_score higher than suspected

Hi @kimchy :smile:

I was waiting for the moment I will need your help and it's today :smiley: .
I have tags, with this mapping:

        "tag": {
        "_all": {
            "index_analyzer": "nGram_analyzer",
            "search_analyzer": "whitespace_analyzer"
        },
        "properties": {
            "name": {
                "type": "string",
                "index_analyzer": "nGram_analyzer",
                "search_analyzer": "whitespace_analyzer"
            },
        }
    }

and now. I'm searching in this way:

{
   "sort":[
      "_score"
   ],
   "query":{
      "bool":{
         "must":[
            {
               "match":{
                  "name":{
                     "operator":"and",
                     "query":"blue"
                  }
               }
            }
         ]
      }
   },
   "size":20
}

What I have in result? When searching 20 items I have 20 other words containing blue, for example bluesea, bluesky, but not blue. What could it be that blue hasn't higher score than words containing blue?

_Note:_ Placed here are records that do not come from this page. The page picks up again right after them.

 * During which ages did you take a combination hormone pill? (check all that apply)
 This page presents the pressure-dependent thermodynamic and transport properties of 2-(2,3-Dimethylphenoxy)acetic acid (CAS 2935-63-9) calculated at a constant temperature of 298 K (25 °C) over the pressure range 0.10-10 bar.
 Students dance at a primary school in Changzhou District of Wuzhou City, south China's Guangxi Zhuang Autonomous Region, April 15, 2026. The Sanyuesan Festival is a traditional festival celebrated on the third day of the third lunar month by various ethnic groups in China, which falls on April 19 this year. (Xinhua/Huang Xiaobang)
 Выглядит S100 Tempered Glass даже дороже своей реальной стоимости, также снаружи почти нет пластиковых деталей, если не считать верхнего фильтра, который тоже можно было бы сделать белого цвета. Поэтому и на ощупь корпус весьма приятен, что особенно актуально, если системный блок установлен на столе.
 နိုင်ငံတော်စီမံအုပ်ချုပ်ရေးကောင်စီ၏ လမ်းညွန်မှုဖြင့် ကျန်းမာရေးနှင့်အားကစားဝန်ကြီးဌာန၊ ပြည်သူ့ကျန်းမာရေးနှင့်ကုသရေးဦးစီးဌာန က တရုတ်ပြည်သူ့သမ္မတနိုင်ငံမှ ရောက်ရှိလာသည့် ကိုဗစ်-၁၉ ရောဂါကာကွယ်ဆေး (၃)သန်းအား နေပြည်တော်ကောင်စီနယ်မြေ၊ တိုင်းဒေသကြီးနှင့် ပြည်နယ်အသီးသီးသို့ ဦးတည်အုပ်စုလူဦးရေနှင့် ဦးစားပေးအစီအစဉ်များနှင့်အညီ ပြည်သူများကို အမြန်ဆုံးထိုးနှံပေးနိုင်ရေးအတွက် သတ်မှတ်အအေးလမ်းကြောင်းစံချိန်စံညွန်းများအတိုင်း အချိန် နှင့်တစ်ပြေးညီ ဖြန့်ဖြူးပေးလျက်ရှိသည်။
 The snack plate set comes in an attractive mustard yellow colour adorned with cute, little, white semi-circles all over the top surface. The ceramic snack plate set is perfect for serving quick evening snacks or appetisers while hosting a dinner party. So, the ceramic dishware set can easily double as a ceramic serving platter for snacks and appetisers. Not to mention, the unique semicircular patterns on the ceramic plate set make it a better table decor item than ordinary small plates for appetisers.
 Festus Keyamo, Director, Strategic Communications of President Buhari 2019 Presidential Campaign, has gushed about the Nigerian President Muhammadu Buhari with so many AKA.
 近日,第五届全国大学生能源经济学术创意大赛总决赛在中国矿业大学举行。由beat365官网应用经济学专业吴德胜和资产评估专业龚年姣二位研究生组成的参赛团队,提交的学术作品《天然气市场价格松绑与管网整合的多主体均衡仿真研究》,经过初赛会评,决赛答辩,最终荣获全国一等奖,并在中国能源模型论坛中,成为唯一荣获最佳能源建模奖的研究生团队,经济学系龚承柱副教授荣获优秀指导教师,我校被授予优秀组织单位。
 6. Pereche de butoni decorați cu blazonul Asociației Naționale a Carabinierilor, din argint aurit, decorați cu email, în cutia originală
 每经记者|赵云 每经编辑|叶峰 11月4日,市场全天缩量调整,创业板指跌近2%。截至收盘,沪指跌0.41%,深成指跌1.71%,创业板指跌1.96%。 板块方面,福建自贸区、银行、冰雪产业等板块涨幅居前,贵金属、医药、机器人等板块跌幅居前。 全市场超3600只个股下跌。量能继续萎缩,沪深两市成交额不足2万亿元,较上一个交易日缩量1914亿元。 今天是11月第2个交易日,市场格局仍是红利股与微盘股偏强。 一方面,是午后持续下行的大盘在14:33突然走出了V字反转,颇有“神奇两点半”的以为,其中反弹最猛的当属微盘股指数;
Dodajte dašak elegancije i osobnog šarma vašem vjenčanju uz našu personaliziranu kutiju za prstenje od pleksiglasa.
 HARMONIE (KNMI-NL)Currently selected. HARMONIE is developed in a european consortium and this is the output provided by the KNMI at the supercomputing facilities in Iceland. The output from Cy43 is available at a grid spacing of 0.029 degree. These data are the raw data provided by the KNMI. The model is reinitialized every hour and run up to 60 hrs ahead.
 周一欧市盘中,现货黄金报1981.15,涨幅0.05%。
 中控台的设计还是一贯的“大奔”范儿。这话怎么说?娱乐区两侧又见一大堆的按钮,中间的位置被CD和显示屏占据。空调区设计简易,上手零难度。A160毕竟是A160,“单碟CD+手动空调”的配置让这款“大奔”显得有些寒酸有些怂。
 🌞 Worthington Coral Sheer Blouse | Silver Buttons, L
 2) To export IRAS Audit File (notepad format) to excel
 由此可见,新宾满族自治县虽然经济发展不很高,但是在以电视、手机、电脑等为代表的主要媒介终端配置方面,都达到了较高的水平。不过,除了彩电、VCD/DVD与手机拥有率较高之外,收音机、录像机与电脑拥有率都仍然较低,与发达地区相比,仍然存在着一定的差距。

I'm not Shay, but I might be able to help =)

Hard to say without seeing the documents, but there is more to scoring than just token matching. For example, the length of the field is taken into account, as well as the individual term and doc frequency. It's likely that some of those ngram fragments are matching other parts of the document and contributing to a higher score.

If you add explain: true to your query, you'll get a dump of how Lucene calculated the score. It is pretty verbose, but not too terrible to read. If you gist it up, I can take a look.

@polyfractal Yes, you're right, now I see. Wondering how can I determine based on what _score should be calculated?

Not sure I understand your question?

In general, the actual score generated by Lucene is relatively meaningless. One query may return results from 0-1, another may return results from 0-0.03, and another 0-100. You can't really compare scores. Just think of them as the relative ranking for documents returned by the search.

I was thinking, is it possible to define how _score should be calculated.

Ah, I see. Yes, you can modulate the score in a number of ways. I'd recommend reading through the Controlling Relevancy portion of the Definitive Guide, which outlines a bunch of ways to modulate or override the score.

Thanks.